You might think that the undeveloped countries would do better, but aid and trade would be gone, and whilst many people in agrarian countries such as Cambodia, and Mynmar (Burma) would be largely unaffected, their capitals and governments would be affected, leading to chaos and warfare. They and many other countries globally would most likely have all reverted to agrarian societies again .... some more successfully than others.

Overall the death toll worldwide after a year could be anything between 1 billion to 3 billion, depending up what types of warfare broke out in the dying few days of government control, in the subcontinent and elsewhere. The world economy in trade value terms, would be probably something like the 1930's again in absolute numbers. Many of the newly wholly agrarian countries, would not be a major part of the revised world trade system, and it would be the oil and the developed countries who would be trading ... oil would still be needed for petrol, but the reduced populations would have reduced demand for both food and oil products.

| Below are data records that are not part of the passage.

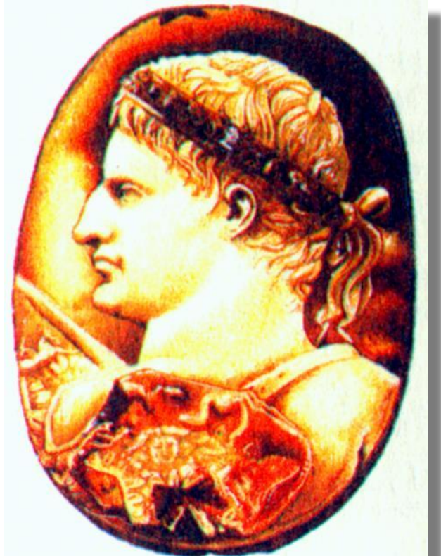
Октавиан. Древнеримская камя.

Октавиан, обвинял соперника в разбазаривании земель, которые тот дарил жене и дочерям.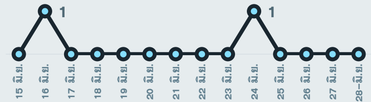
ผู้ป่วยเสียชีวิตจาก COVID

*จำนวนผู้ป่วยปอดอักเสบและใส่ท่อช่วยหายใจที่รักษาอยู่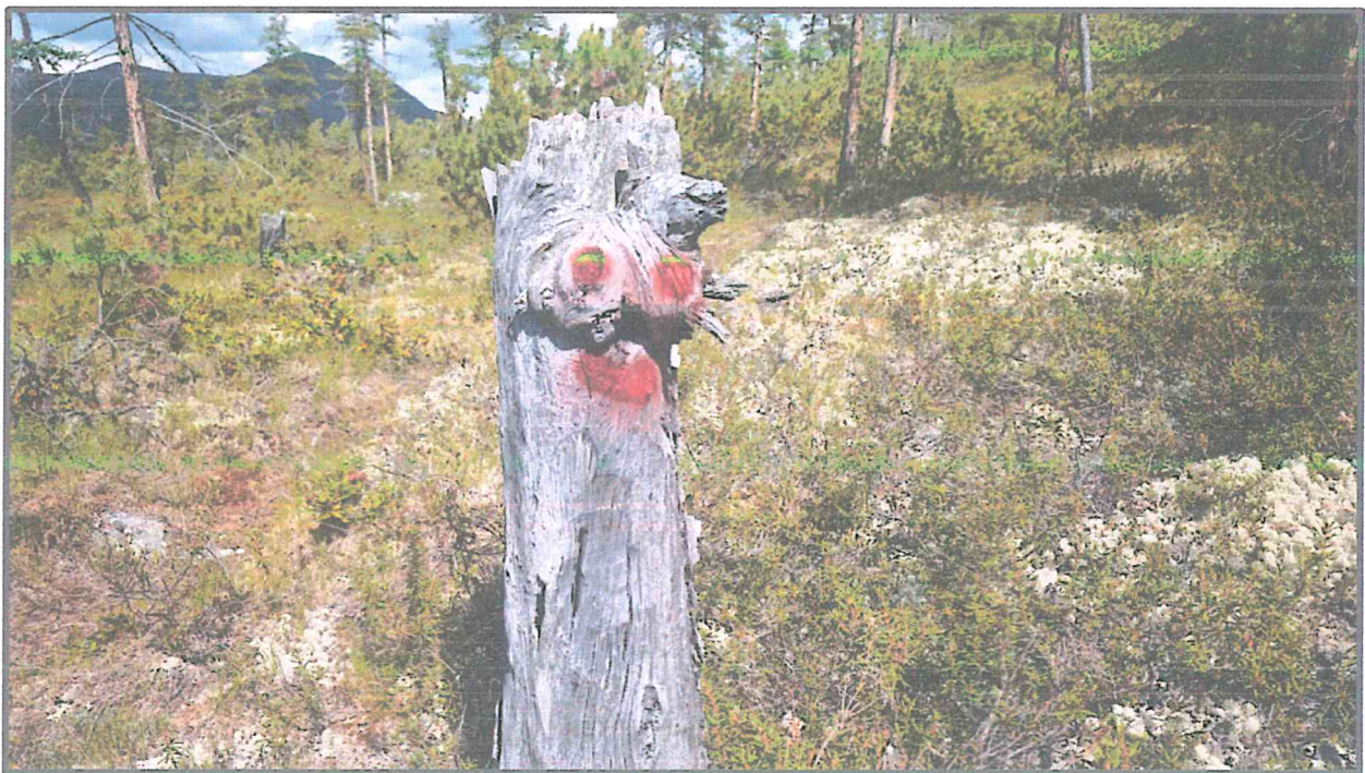
Фото 4. Элемент маркировки. «Маршрут первопроходцев».

But remember in the permanent wipe out scenario, say via a solar flare, the Earth itself would probably have become a lifeless hulk (all that gamma radiation), so the loss of the Internet is not the main problem really.

But What Ifs are my favourite genre, so well worth the intellectual exercise of the assumption. Ironically of course, if such an event had occurred prior to the 1980's (assuming the radiation and gamma rays didn't kill us), then we would have hardly noticed it at all and there would have been no impact.